9 Eylül saldırılarından birkaç hafta sonra Foner Ulus'ta yazdı "Kriz zamanlarında en vatansever eylem, sivil özgürlüklerin, muhalif olma hakkının ve tüm Amerikalılar için kanun önünde eşitliğin tavizsiz savunulmasıdır." Haklarımızın ve özgürlüklerimizin devletin armağanı olmadığını, kölelik karşıtıların, işçi liderlerinin, feministlerin ve insan özgürlüğü ve onuruna dair “radikal” inançları adaletsiz bir sisteme meydan okuyan sayısız diğerlerinin “uzun bir mücadele tarihinin mirası” olduğunu hatırlattı. .

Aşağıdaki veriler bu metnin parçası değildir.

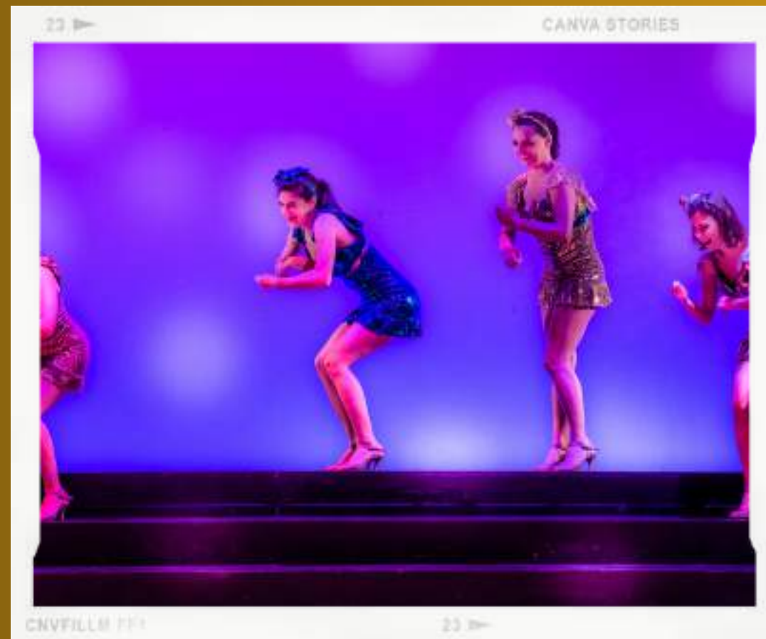
CANVA STORIES CNVFILLM 111 23
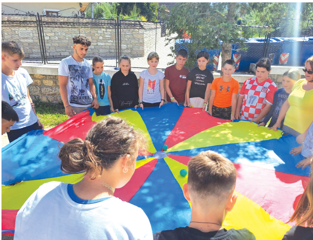
Az adományoknak köszönhetően remélhetőleg a gyermekek a zsoboki iskolában és otthonban maradhatnak

– Jelenleg 28 gyermek él az otthonunkban. Tudni kell, hogy az új gyermekvédelmi törvény hét év alatti gyermekek elhelyezését nem engedélyezi. A 7 évnél kisebb gyermekek nevelőszülőknél vannak, az otthonban a fiatalok 7 és 18 év közöttiek. A nyolcadik osztályosnál idősebbek az intézmény költségén bentlakásban élnek. Egyik diákunk Szamosújváron lakik a Téka Alapítvány bentlakásában, több diákunk a kalotaszéki királyi szakiskola bentlakásában él, illetve néhány gyerek a kolozsvári református kollégium szakiskolájába jár és annak bentla-
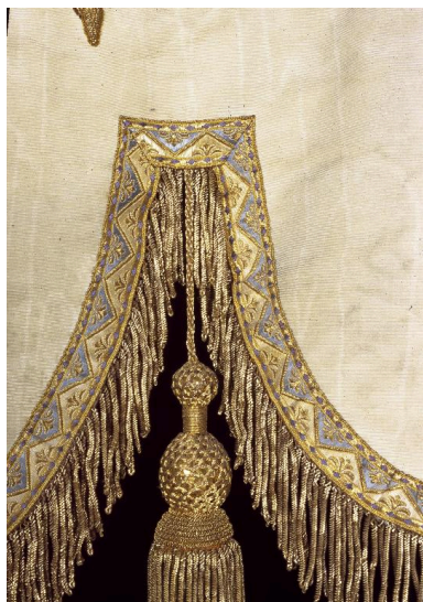
Détail de la bannière : franges et gland en fil d'or.
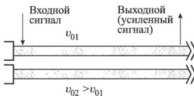
Рис.1. Схематическое изображение двухлучевого усилителя.

В третьей главе рассмотрим гидродинамическое описание электронного потока, которое привело нас к необходимости ввести понятие волн пространственного заряда, распространяющихся в потоке заряженных частиц, позволило применительно к рассмотрению системы с предварительной скоростной модуляцией электронного пучка существенно уточнить линейную кинематическую теорию пролётного клистрона. Рассмотрим теперь ситуацию, в которой ВПЗ не просто приведёт к уточнению какой-либо имеющейся теории, а позволит объяснить принцип работы двухлучевой лампы – усилителя, в котором используются два электронных пучка с немного различающимися скоростями, движущихся параллельно друг другу и сильно связанных через общее поле пространственного заряда (см. рис.1).
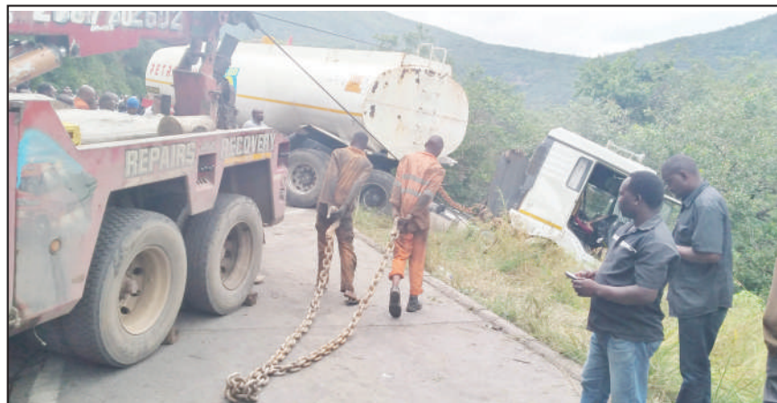
Vijana wakivuta mnyororo kwaajili ya kuvuta lori la mafuta ambalo liligon-gana na lori lililobeba shehena ya mkaa na kukaribia kutumbukia kwenye mteremko wa mlima Kitonga mkoani Iringa mwishoni mwa wiki PICHA JOSEPH MWENDAPOLE

Imetolewa na Kitengo cha Habari na Mawasiliano
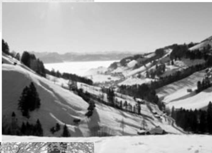
Über dem Nebel Goldinger Tal in Richtung Linthebene
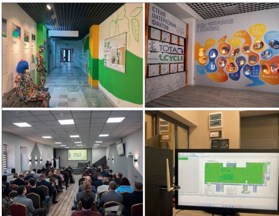
Рис. 2. Пространство TotalCycle: музей, лекторий, пост охраны

ли, а на монтаж и пусконаладку – один месяц. В монтажной бригаде постоянно работали пять человек – один инженер и четыре монтажника.
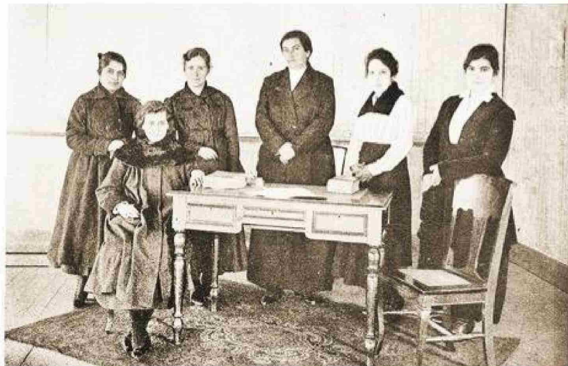
Señorita Lucila Godoy (Gabriela Mistral), directora del Liceo de Niñas (1920) de Punta Arenas, junto a profesoras del mismo establecimiento.

Benzer şekilde, 2015 yılında Senatör Bernie Sanders'a yazdığı açık mektupta (I-Vt.)Foner, başkan adayını demokratik sosyalizminin ilham kaynağı olarak Danimarka'dan bahsetmeyi bırakması ve bunun yerine Amerika Birleşik Devletleri'nin kendi “radikal atalarına” (kölelik karşıtları, oy hakkı savunucuları, popülistler, Eugene V. Debs, New Deal'ın yaratıcılarına) itibar etmesi yönünde çağrıda bulundu. ve Büyük Toplum - ve ekonomik eşitlik ve sosyal adalet için verdikleri mücadele. Bunlar, benzersiz Amerikan değerlerine dayanan, benzersiz Amerikan savaşlarıydı.
Bugün, kendimizi tarihin en tehlikeli derecede otoriter ve yozlaşmış başkanının ellerinde bulduğumuzda, bir kez daha geri çağırmamız gereken şey bu radikal tarihtir. Ve bunu zaten hareket halinde görüyoruz.
Donald Trump'ın az katılımlı göreve başlama töreninin ertesi günü, ülke çapında milyonlarca Amerikalı, ABD tarihindeki muhtemelen en büyük siyasi eylem günü olan kadın yürüyüşlerine katıldı. Birkaç hafta sonra, her kökenden Amerikalı, Trump'ın fiili Müslüman yasağını protesto etmek için kendiliğinden ülke çapındaki havalimanlarına akın etti. Geçtiğimiz iki hafta sonu bilim adamlarının, aktivistlerin, öğrencilerin ve sıradan Amerikalıların bilimi ve iklim değişikliğine karşı mücadeleyi savunmak için Washington'da yürüyüş yaptığına tanık oldu.
Bu Kitlesel seferberlik tek bir kişiye ya da figüre bağlı değil. Bu, eşitlik, adalet ve adil ekonomi alanında 50 yıllık ilerlemeyi geri alacak bir başkana direnmek için sayısız grubun ortaya çıktığı organik bir harekettir. Trump, bir yandan sahte popülist, ahbap kapitalist gündemini zorlarken, bir yandan da federal hükümetin kirleticileri ve yağmacı finansı düzenleme yeteneğini zayıflatmaya devam ederken, radikal geçmişimizden ders almalıyız. Sonuçta, Foner'in işaret ettiği gibi - ve Trump'ın İç Savaş hakkındaki tuhaf yorumları güçlendi - Başkanın da kökleri Hiçbir Şey Bilmeyenlerden Nixon'un Güney stratejisine kadar bizim tarihimize dayanıyor.
Geçmişteki çatışmaların bize öğrettiği şey, herhangi bir kişiden daha büyük bir davaya bağlı kalmamız ve gelecek yıllar boyunca savaşmaya istekli olmamız gerektiğidir. Her şeyden önce onun ilhamını alabilmek için “kullanılabilir geçmişimizi” anlamalıyız.
ZNetwork yalnızca okuyucularının cömertliğiyle finanse edilmektedir.